The development of the scales yesterday has given me enthusiasms for the technical side of Maya. The task I looked into today was making the coral/organism that would chase after our fish. Originally the plan was to use coral, but there were a few scenes that involved the coral reaching out. I looked up some source material and found some similarity to the tendrils of sea anemones. Which were a lot more flexible. But the stuff on the storyboard was still distinctly coral.
First tests however resulted in a few errors that I managed to fix with later models that stemmed from the orientation of the joints. Turns out the joints were orienting themselves differently on occasion due to not being entirely vertical from the last.
Initial attempts at a cleaner model involved joints at every lateral edge, but I discarded this as a control group would have 30 different joints to manage.
To cut down the number of joints, instead of one joint per lateral edge I looked into one joint for every two lateral edges, which halved the original number. Still quite a few but now much more manageable.
Each joint has three controls: X, Y and Twist. One bends the joint forwards, another sideways and the twist helps with curling. It is very flexible with little deformation. Hopefully it is simple enough to be used en masse. And it should also be useful for wrapping around things.
The final parameter I added was a length control. Unlike the others, this one control affects the entire skeleton, which could really help with any scenes of the construct launching itself at our hapless fish.

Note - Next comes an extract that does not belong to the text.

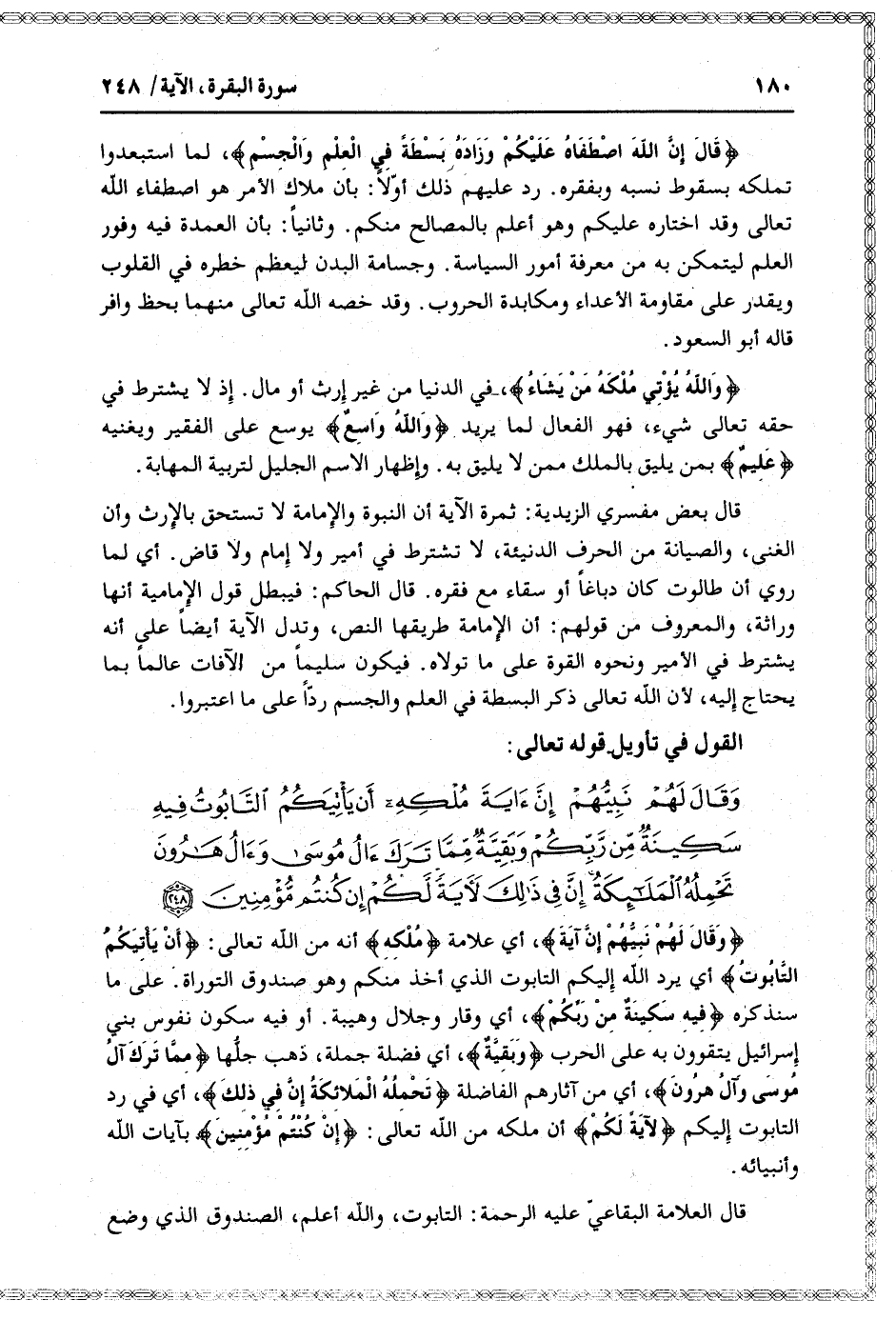 وَقالَ لَهُمْ نَبِيُّهُمْ إِنَّ آيَةَ، أي علامة مُلْكِهِ أنه من الله تعالى: أَنْ يَأْتِيَكُمُ التَّابُوتُ أي يرد الله إليكم التابوت الذي أخذ منكم وهو صندوق التوراة. على ما سنذكره فِيهِ سَكِينَةٌ مِنْ رَبِّكُمْ، أي وقار وجلال وهيبة. أو فيه سكون نفوس بني إسرائيل يتقوون به على الحرب وَبَقِيَّةٌ، أي فضلة جملة، ذهب جلّها مِمَّا تَرَكَ آلُ مُوسى وَآلُ هارُونَ، أي من آثارهم الفاضلة تَحْمِلُهُ الْمَلائِكَةُ إِنَّ فِي ذلِكَ، أي في رد التابوت إليكم لَآيَةً لَكُمْ أن ملكه من الله تعالى: إِنْ كُنْتُمْ مُؤْمِنِينَ بآيات الله وأنبيائه.

I didn't forget the coral though, and looked into methods of construction. I've had ideas about making a model like this before and although I had a more advanced version that is now missing, I have developed a fairly sound method of reproduction. My plan is to work in a blendshape that will have the coral branches growing from a point of origin. I might simplify the geometry as the shapes get smaller, but right now the current shape is a hexagon which might make things a little tricky.